I decided to make a Header Image (above) for this little series of posts and have retrofitted it to the two previous posts here and here. So I asked the Midjourney app on Discord, to depict a silver-skinned Android, firstly, standing at an easel painting, and then at a computer typing. I am fairly sure that the AI known as Midjourney had no sense of the irony of asking it to anthropomorphise an Android doing these activities, because current forms of AI are so far from having the sentience required to appreciate concepts as subtle as irony. Spoiler alert, I approached this evaluative exploration with certain preconceptions about the likely conclusion although I didn’t know for sure, how those conclusions might be reached because I didn’t know how AI’s work, in detail. What I am going to show you today is what I have learned, but I am also going to link you to a very erudite analysis of why we should not be worried about AI taking over the world – in a piece called “Why the AI Doomers Are Wrong“, Nafeez Ahmed explains why the direction of travel of AI development, simply can’t lead to a human-brain-like sentience. I will quote from his article later.

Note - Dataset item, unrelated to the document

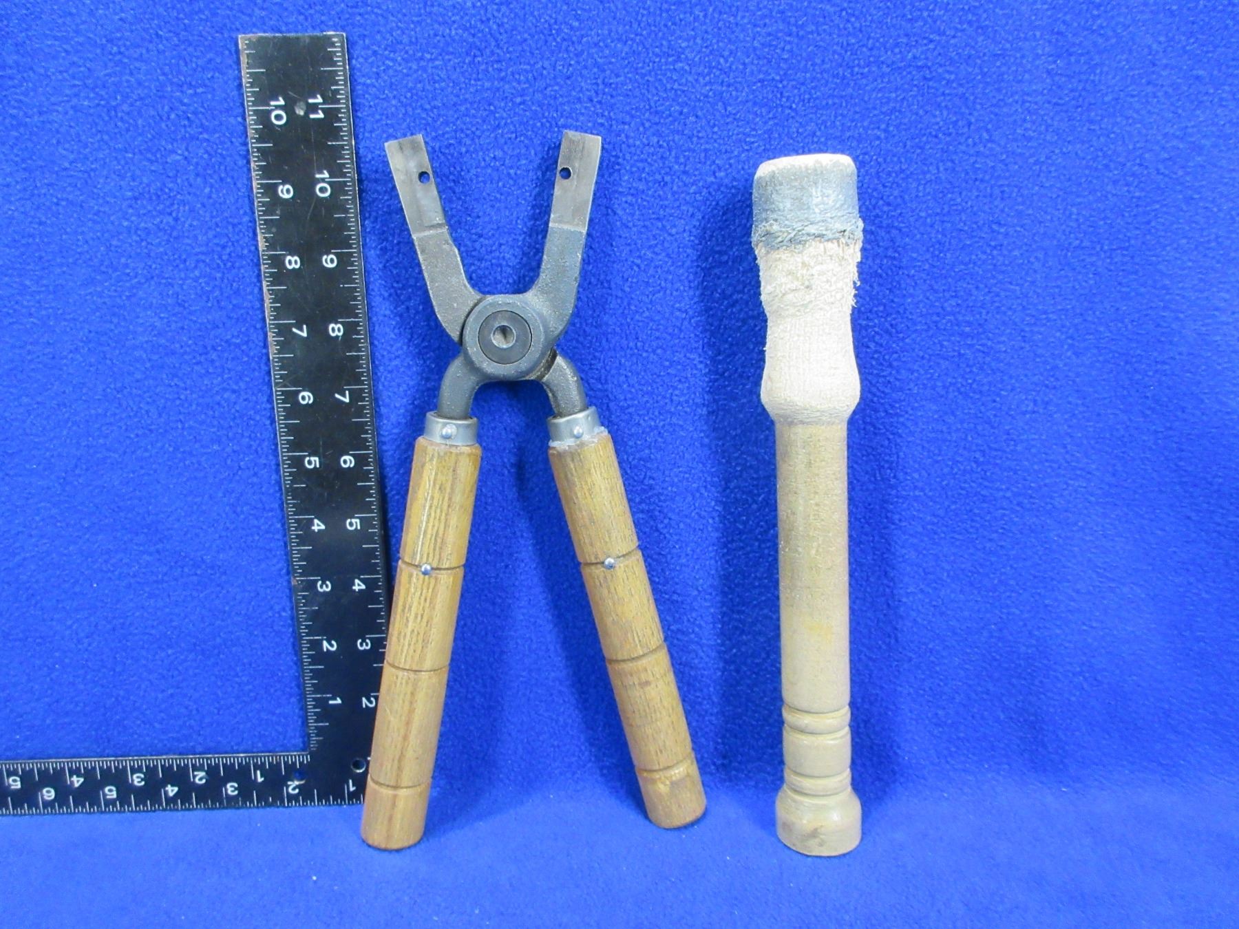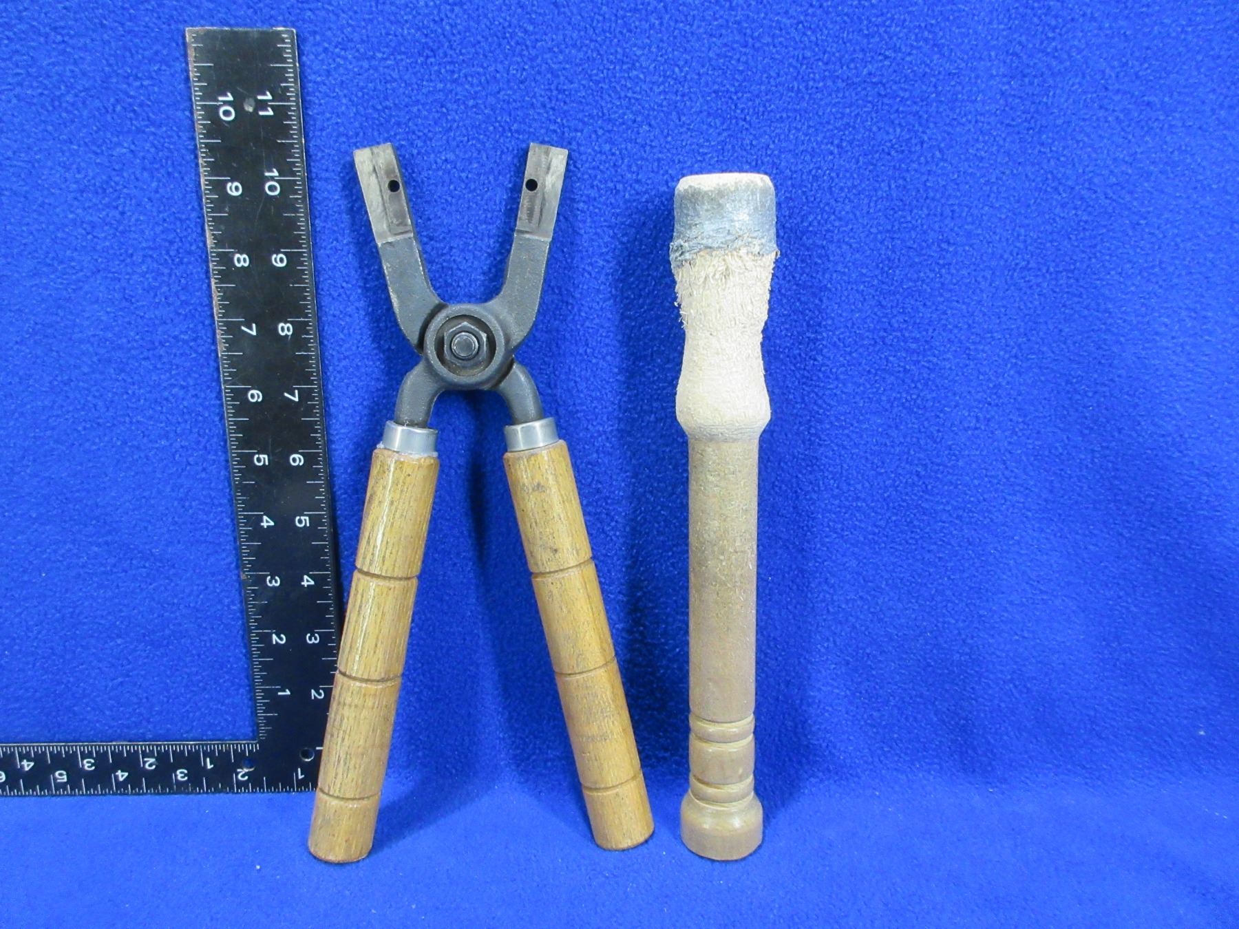 Lot 1331 Large Bullet Mold Handles and Wooden Mallet

First of all, look at the left-hand side of the header picture, in particular, the easel. On close inspection, you can see that the easel is the wrong way round and that the painter/android, is standing behind the easel. Midjourney produces four images by default, in the remarkable time of about 60 seconds which is almost like magic – indeed, in 1962, Arthur C. Clarke, a science fiction writer, stated in his book “Profiles of the Future: An Inquiry into the Limits of the Possible” that “Any sufficiently advanced technology is indistinguishable from magic”. So despite the apparent magic of creating these images so quickly, the AI has made a fundamental mistake that reveals that it doesn’t really understand what an easel is or how it should be used. Nafeez Ahmed is mostly talking about text generative interactions with AI – ChatGPT and the like, but what he says below, is equally applicable to images generated by AI…

The stunning capabilities of the new chatbots and their uncanny ability to engage in human-like conversations has sparked speculation about sentience. Yet there is zero tangible evidence of this beyond a sense of amazement.
What many miss is that the amazing nature of these conversations is not a function of an internal subjective ‘understanding’ by an identifiable entity, but rather the operation of algorithms made-up of hundreds of billions of parameters trained on massive datasets of human text to predict words that should follow given strings of text. {…} This is not a breakthrough in intelligence, although it is, certainly, a breakthrough in being able to synthesise human responses to similar questions and thereby mimic patterns in human interaction. This model of AI, therefore, cannot, in itself, generate fundamentally new knowledge or understanding – let alone sentience.
Nafeez Ahmed

Nafeez goes into great detail about how the research is headed in the wrong direction and indeed, how it is unlikely it is that it will ever succeed in equating to human sentience, so if you want to put your mind at rest about a Terminator-style future in which humans are subjugated by machines – nip on over and read the full article. Meanwhile I am going to show you some more examples of how Midjourney gets things “wrong” and how to get the “right” results and what that says about how useful such a programme can be.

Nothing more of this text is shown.